Commercial Loans
It's All About the Property
Getting familiar with Commercial Loans will be valuable to you if you decide you want to venture into buying apartment buildings (or multi-families as they're known in the biz).
In this type of financing, it will be all about the building, or asset, and not you. The main qualifier is the NOI, or Net Operating Income of a particular building. The NOI for a property is the gross scheduled income (rents), plus any other income (i.e. parking or storage unit fees, laundry facilities, etc.) MINUS a vacancy allowance, and MINUS operating expenses (i.e. taxes, insurance, utilities, property management, etc.).
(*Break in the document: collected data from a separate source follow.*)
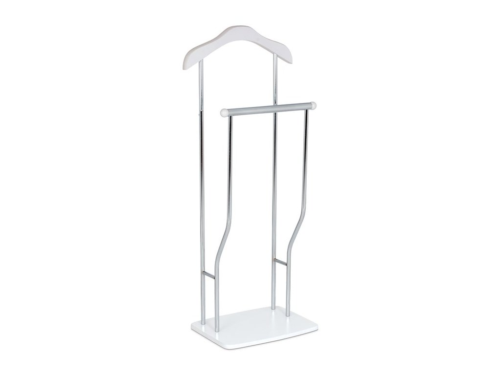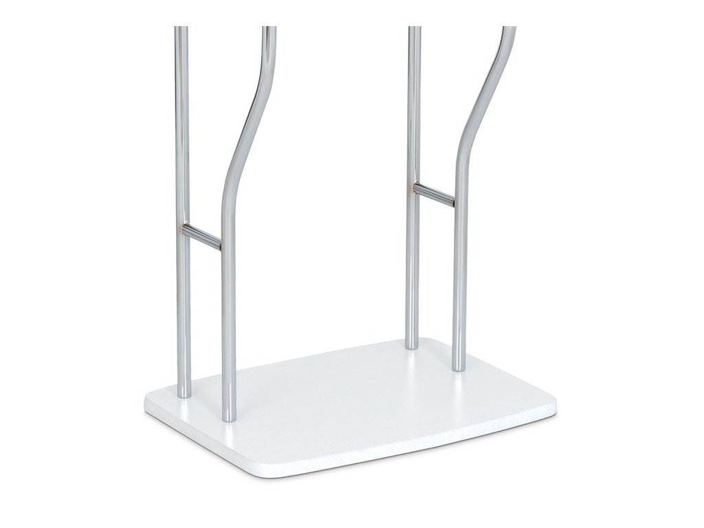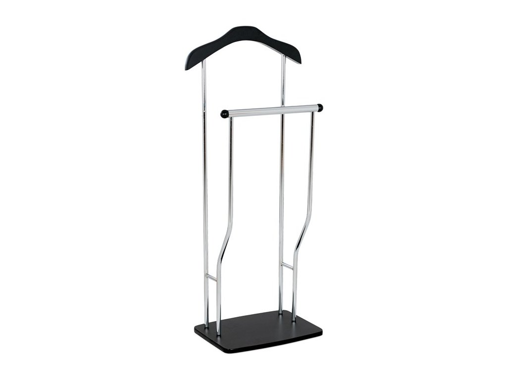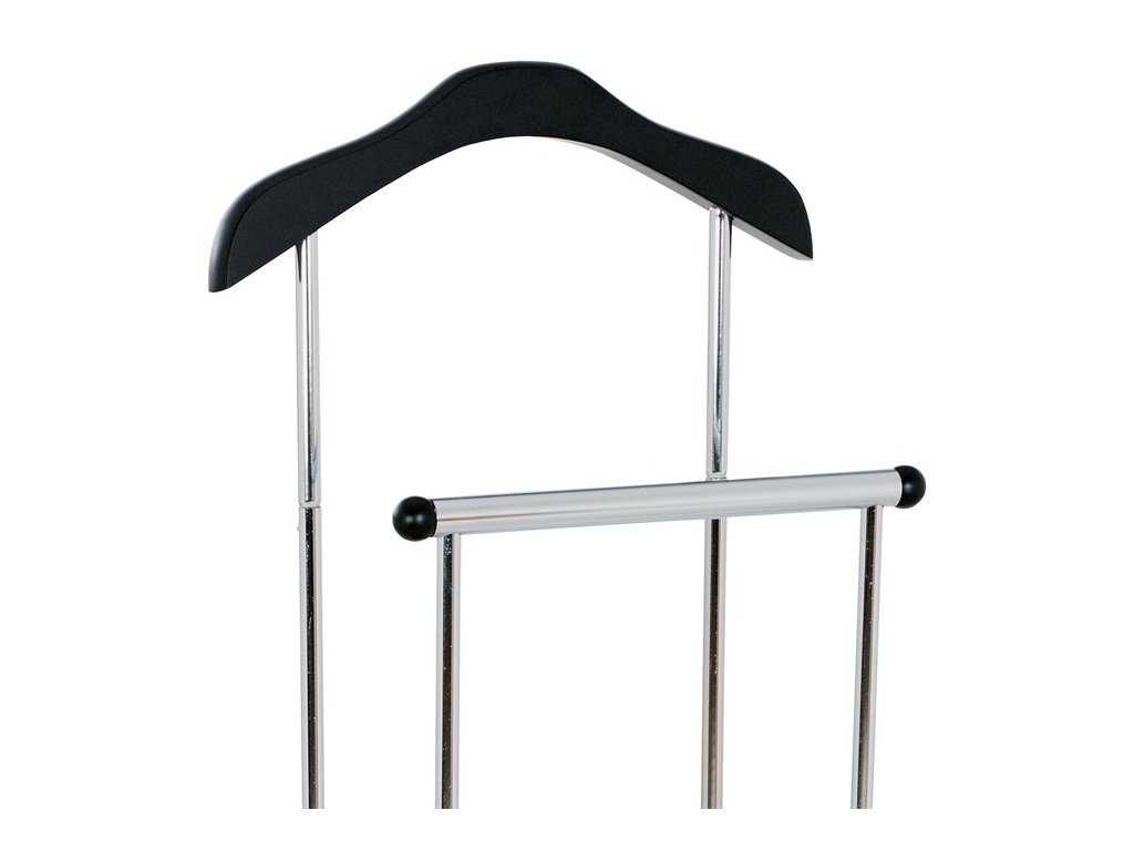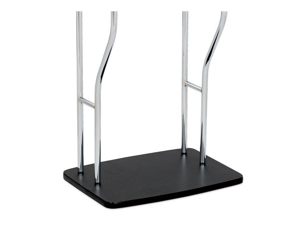 Němý sluha v černém matném provedení kombinuje pevnou MDF základnu s chromovanými kovovými prvky, které zajišťují stabilitu a dlouhou životnost. Výška 108 cm umožňuje pohodlné zavěšení oděvů na ramínko, zatímco spodní tyč slouží k zavěšení kalhot nebo šál. Design s čistými liniemi a kontrastem černé a chromu se hodí do moderních i klasických interiérů. Nosnost až 5 kg odpovídá běžnému domácímu použití. Praktický doplněk do ložnice či předsíně usnadňuje organizaci oblečení.
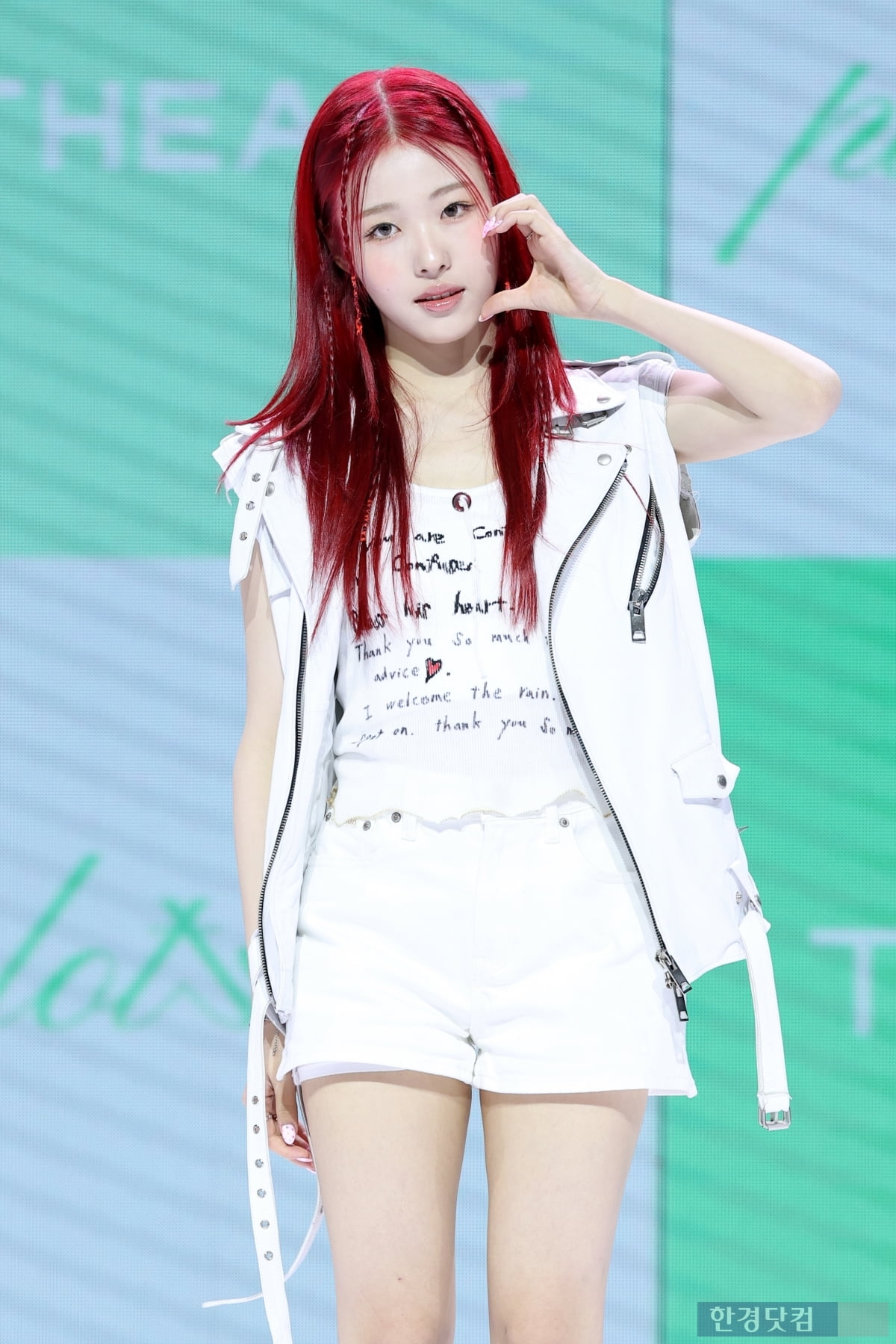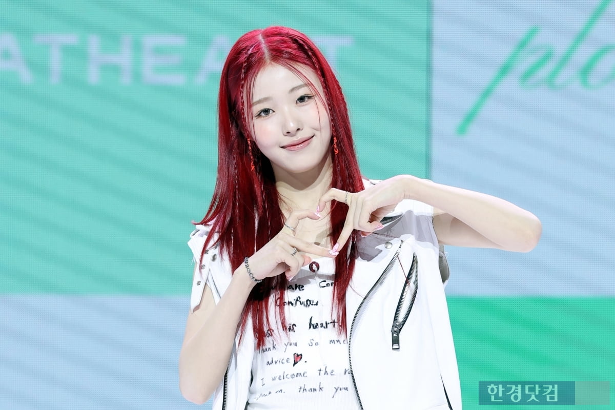 그룹 앳하트 아린이 13일 오후 서울 한남동 블루스퀘어에서 열린 첫 번째 EP ‘Plot Twist(플롯 트위스트)' 발매 기념 쇼케이스에 참석해 포토타임을 갖고 있다.
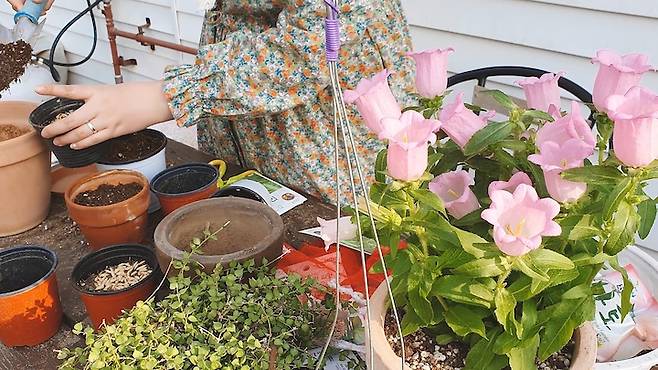 이 집에 온 후로 새롭게 생긴 취미가 있다면, 바로 가드닝이에요. 식물이 자라는 모습을 지켜본다는 게 생각보다 즐거운 일이더라고요. 빈티지한 야외용 테이블을 데크에 두고 그 위에서 식물을 돌본답니다.

This is your before Debt Service number, or in other words, how much the property makes before you pay the mortgage.
This is a very important number to the banks, since it indicates whether a property is making money or losing it. Qualifying can be much stricter than getting a residential loan. Normally, you will need to provide an Executive Summary outlining the pertinent information about the property, recent upgrades, area information, rental and possibly management history, reasons why the building is being sold, and so on. Also, they will want to look at the Income Statement (Profit & Loss), the Rent Rolls (confirming which units are rented, for how much, when the lease expires, and the date of the last rental payment).
If all of this is satisfactory, then you can obtain financing, but sometimes you must put more money down or settle for a higher interest rate. It just depends on the lender and their particular philosophy at the time.
When buying commercial property, I take the NOI and multiply it by 10. If the price is equal to or less than that number, then I feel it is a good deal. If it is more, it still may work, but I'll probably have to do some serious review before making an offer.
In order to determine if a commercial property cash flows, simply take the NOI, subtract the mortgage payment, and whatever is left is your Cash Flow. Make sure you use the PITIMUMV Formula: Principal Interest Taxes Insurance Management (8-10% of rents) Utilities Maintenance (5-10% depending on condition/age of building) Vacancy (5-10% depending on area) If you also use this formula, your calculations should be accurate. Remember, though, garbage in, garbage out. Besides looking at a P&L, I like to see some actual utility bills, insurance bills, etc., to verify the numbers.
Commercial loans can also be secured using creative financing methods discussed in the non conventional financing section, so don't feel like you must get a commercial loan through an institution. Remember, you always have options.